[Python-Dev] Internal representation of strings and Micropython

Wed Jun 4 17:53:52 CEST 2014

Hello,

On Thu, 5 Jun 2014 01:00:52 +1000
Chris Angelico <rosuav at gmail.com> wrote:

> On Thu, Jun 5, 2014 at 12:49 AM, Paul Sokolovsky <pmiscml at gmail.com>
> wrote:
> >> > But you need non-ASCII characters to display a title of MP3
> >> > track.
> >
> > Yes, but to display a title, you don't need to do codepoint access
> > at random - you need to either take a block of memory (length in
> > bytes) and do something with it (pass to a C function, transfer
> > over some bus, etc.), or *iterate in order* over codepoints in a
> > string. All these operations are as efficient (O-notation) for
> > UTF-8 as for UTF-32.
> 
> Suppose you have a long title, and you need to abbreviate it by
> dropping out words (delimited by whitespace), such that you keep the
> first word (always) and the last (if possible) and as many as possible
> in between. How are you going to write that?
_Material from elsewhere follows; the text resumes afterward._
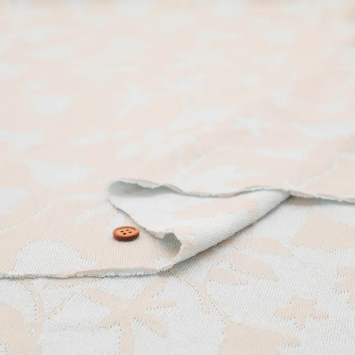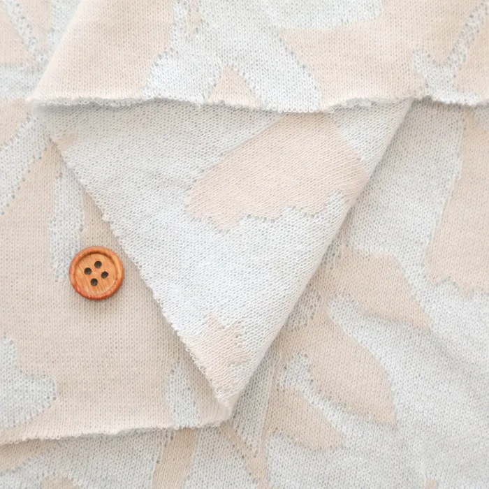 この手法により、編地の表裏に緻密な柄や複雑な組織を表現でき、ふっくらとした厚みと柔らかな肌触りが特徴の生地です。

With PEP 393 or UTF-32
> strings, you can simply record the index of every whitespace you find,
> count off lengths, and decide what to keep and what to ellipsize.

I'll submit angry bugreport along the lines of "WWWHAT, it's 3.5 and
there's still no str.isplit()??!!11", then do it with re.finditer()
(while submitting another report on inconsistent naming scheme).

[]

-- 
Best regards,
 Paul                          mailto:pmiscml at gmail.com